Wednesday, August 24, 2011

Road Blocks and Closed Doors

Good Morning and welcome to a brand new chapter; a chapter of faith, a chapter of hope, and a chapter that I am allowing God to write.  I am so very, very excited about what God has in store for me.
I had a need/desire for a new car.  My need was for a basic entry level car.  I was not looking for anything more than a very basic car.  Comfort, looks, or anything other than “well-running” really wasn’t on my list of criteria.  I only needed a small car that would last me 8-10 years.  My need wasn’t great nor was my expectations.  After what seemed like a torturous delay, God finally provided the means for me to purchase a car so the search was on, even as the words out of my mouth were, “God will bring me the right car to me.”  In my search there were continued roadblocks.  Everything cost more than I was willing to pay or had something wrong with it.  My frustration and disappointment grew and grew because I felt like God was withholding from me the very thing that I needed and that he had promised.  Door after door closed in my face and my faith eroded even as my confusion grew.  Finally I just stopped because I didn’t know what else to do.  As I stood there with tears running down my cheeks looking at all of the doors of opportunity that were tightly closed, my brother spoke words that caused me to get my eyes off of the closed doors and turn my eyes towards the one that God had opened for me.  It was then that I saw how God not only fulfilled my need but gave me so much more.  He provided a car that exceeded all my expectations while continuing to keep it in a range that I could afford to maintain.  He provided a car that gives me comfort, security and looks.  The more I drive this car the more thankful I am that God closed the doors to the lesser blessings that would have merely fulfilled my needs but never exceeded them. 

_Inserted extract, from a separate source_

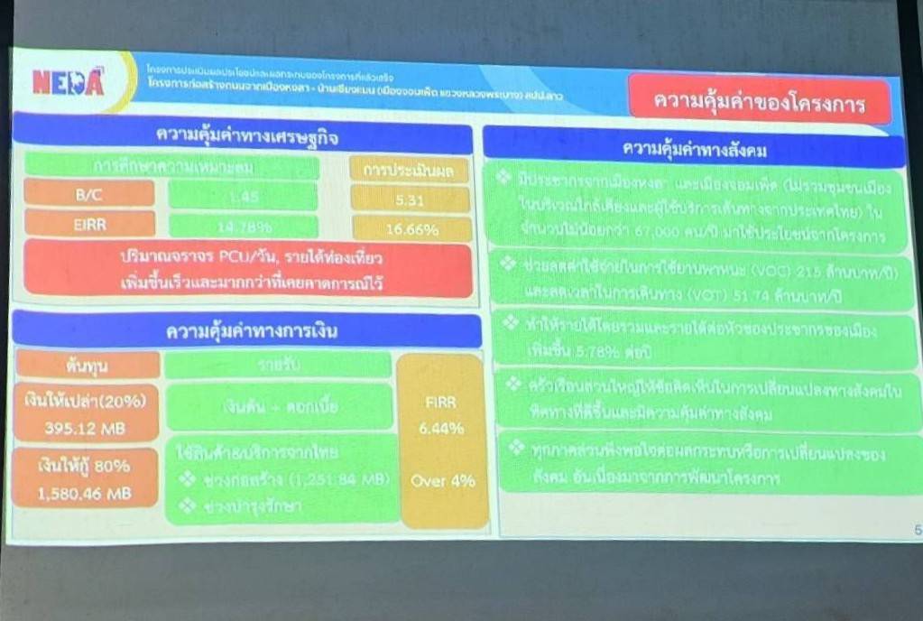 การสัมมนามีวัตถุประสงค์เพื่อนำเสนอข้อมูลเชิงลึกด้านเศรษฐกิจ สังคม และสิ่งแวดล้อม หลังการก่อสร้างถนนสายสำคัญ ซึ่งเป็นเส้นทางเชื่อมโยงการค้าและการท่องเที่ยวระหว่างจังหวัดน่านของไทยกับแขวงหลวงพระบาง สปป.ลาว โดยคาดว่าจะเป็นโครงสร้างพื้นฐานที่มีบทบาทสำคัญต่อการค้าการลงทุนในระดับอนุภูมิภาค

As we walk through this life we have needs, desires, frustrations and joys.  We pray regularly that God would direct our path and show us His will for our lives.  We are so sincere and we really believe that we mean it when we pray those words.  But then a need arises and we seek him to fulfill that need.  In the midst of praying about our needs, desires, dreams, we get an idea of how he is going to fulfill our need.  We get preconceived ideas about the way in which he will bring us fulfillment; all the while still believing we are seeking his path.  As we are asking him to take care of us, we see a door up ahead and within that door is the very thing that will fulfill our need or our dream.  We are so excited and thank God for the answer to our prayer but then, just as we are about to reach that fulfillment, the door closes.  We stand there in front of the door weeping, frustrated and perhaps a bit angry that God would withhold the answer to our prayer.  As far we could see that very thing that He allowed to be cut off from us is the perfect solution, the perfect answer.  We stand in front of that closed door with our faith in a tatters and us crying out to God, “why?!?”  Why would God cut off the very thing we need?  We are confused, frustrated and we continue to stand in front of that closed door lamenting what we believe could of and should have been.  What we don’t do is continue to walk the path that God has put us on and trust Him.  If we could just bring ourselves to turn away from that closed door and lift our heads, we would see another door just ahead.  We would see something within that door that will not only fulfill our need but exceed it.  So when a door closes, don't lament and allow your frustration to grow, but rejoice that God is going to give you something even better than what you had first believed and keep walking.